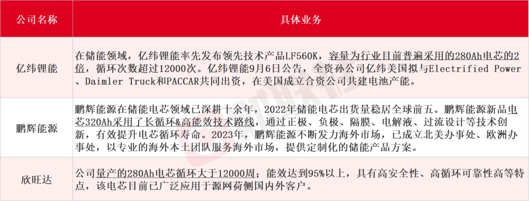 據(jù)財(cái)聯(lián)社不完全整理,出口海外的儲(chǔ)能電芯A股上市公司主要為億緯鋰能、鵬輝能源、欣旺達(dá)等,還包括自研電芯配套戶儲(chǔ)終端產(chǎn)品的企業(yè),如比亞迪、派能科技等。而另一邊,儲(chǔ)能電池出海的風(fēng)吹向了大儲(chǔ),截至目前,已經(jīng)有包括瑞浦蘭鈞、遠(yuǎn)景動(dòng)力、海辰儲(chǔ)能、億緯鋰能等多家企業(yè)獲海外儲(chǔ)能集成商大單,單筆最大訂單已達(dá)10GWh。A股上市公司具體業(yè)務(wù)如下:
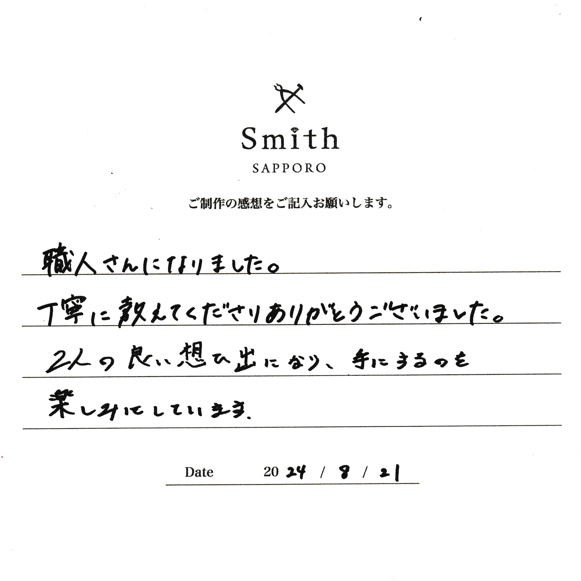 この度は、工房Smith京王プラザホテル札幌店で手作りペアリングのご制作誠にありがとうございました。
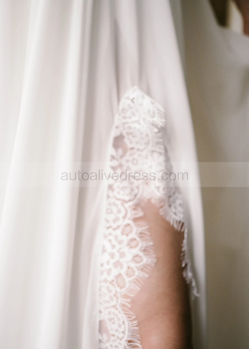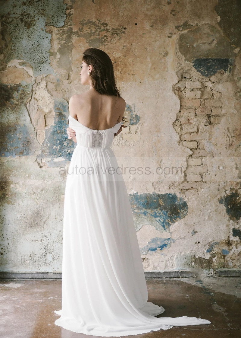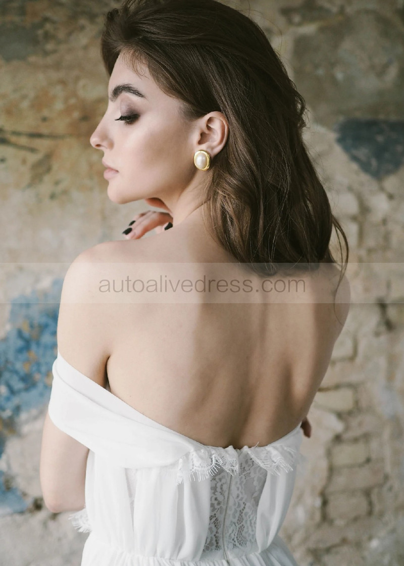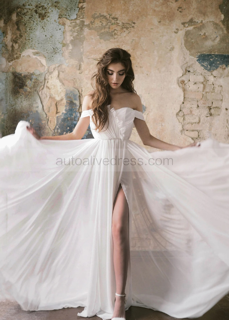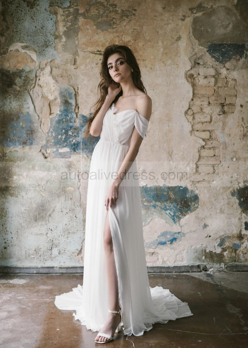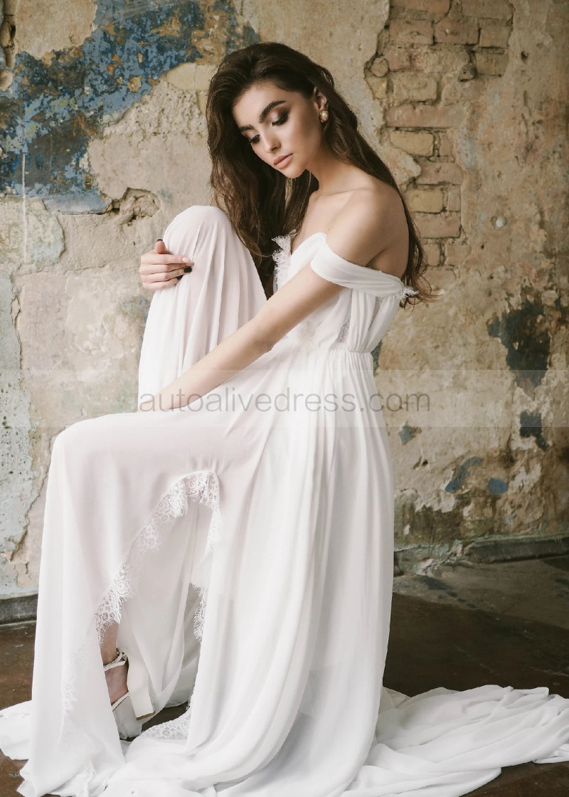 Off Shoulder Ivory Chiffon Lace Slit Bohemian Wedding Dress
* * *
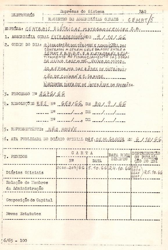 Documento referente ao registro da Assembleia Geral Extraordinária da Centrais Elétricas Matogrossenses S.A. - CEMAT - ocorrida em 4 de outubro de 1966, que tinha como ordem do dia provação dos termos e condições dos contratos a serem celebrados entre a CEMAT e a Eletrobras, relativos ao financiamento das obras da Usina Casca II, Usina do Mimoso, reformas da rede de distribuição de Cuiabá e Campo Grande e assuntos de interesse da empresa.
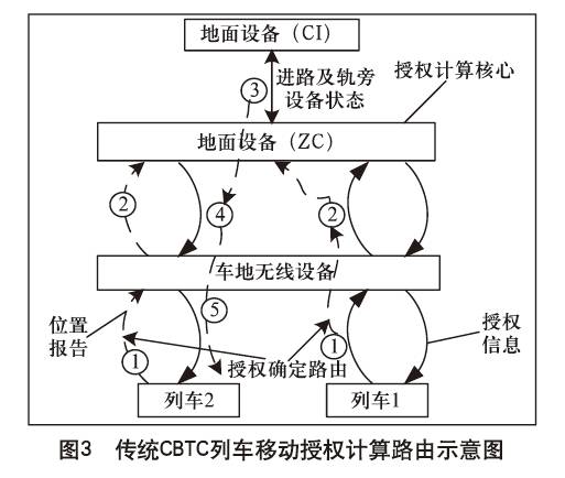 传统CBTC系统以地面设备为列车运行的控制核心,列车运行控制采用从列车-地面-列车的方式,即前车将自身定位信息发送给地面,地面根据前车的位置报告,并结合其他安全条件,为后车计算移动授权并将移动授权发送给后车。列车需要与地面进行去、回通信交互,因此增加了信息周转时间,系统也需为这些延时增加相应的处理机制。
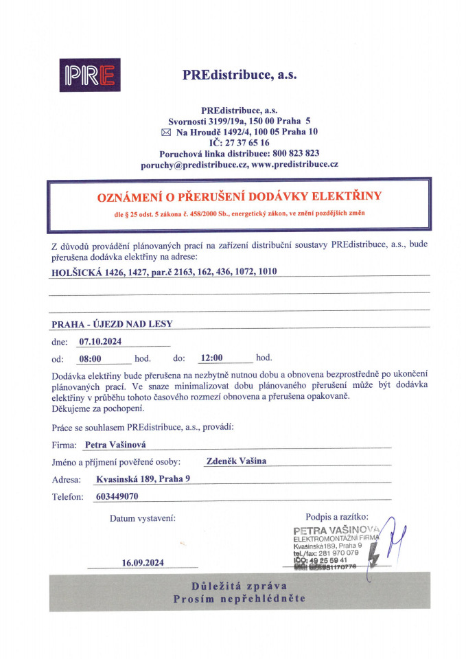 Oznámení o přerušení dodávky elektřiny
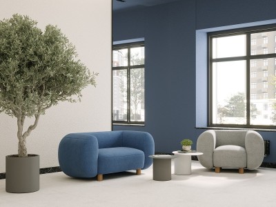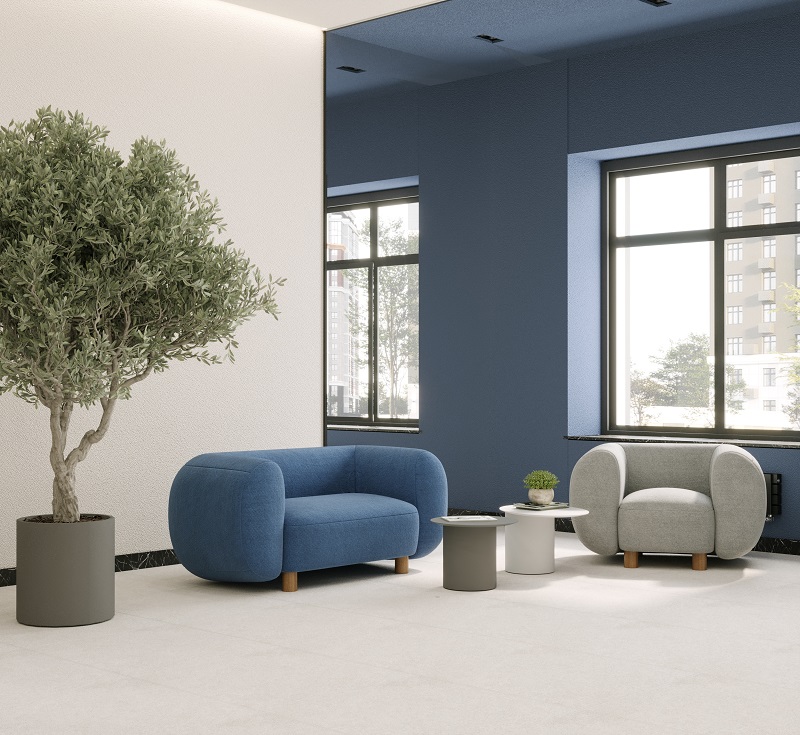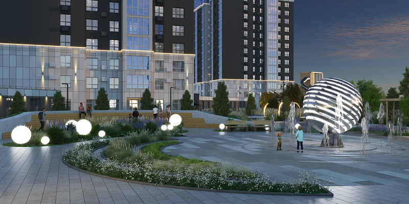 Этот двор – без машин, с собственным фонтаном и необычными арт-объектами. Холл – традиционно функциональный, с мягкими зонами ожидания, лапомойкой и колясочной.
--
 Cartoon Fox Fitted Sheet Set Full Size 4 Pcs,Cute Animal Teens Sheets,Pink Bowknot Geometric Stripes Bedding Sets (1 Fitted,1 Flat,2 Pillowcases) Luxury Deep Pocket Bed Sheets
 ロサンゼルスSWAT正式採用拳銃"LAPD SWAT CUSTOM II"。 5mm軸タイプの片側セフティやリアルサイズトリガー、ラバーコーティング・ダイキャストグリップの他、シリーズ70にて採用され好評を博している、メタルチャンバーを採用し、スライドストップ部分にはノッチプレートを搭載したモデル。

--- TASK STATEMENT ---
A verbatim reproduction is expected: starting at the line above that has "传统CBTC系统以地面设备为", ending at the line that has "Этот двор –", both included, and with no pictures and no other lines.

--- ANSWER BELOW ---
 传统CBTC系统以地面设备为列车运行的控制核心,列车运行控制采用从列车-地面-列车的方式,即前车将自身定位信息发送给地面,地面根据前车的位置报告,并结合其他安全条件,为后车计算移动授权并将移动授权发送给后车。列车需要与地面进行去、回通信交互,因此增加了信息周转时间,系统也需为这些延时增加相应的处理机制。
 Oznámení o přerušení dodávky elektřiny
 Этот двор – без машин, с собственным фонтаном и необычными арт-объектами. Холл – традиционно функциональный, с мягкими зонами ожидания, лапомойкой и колясочной.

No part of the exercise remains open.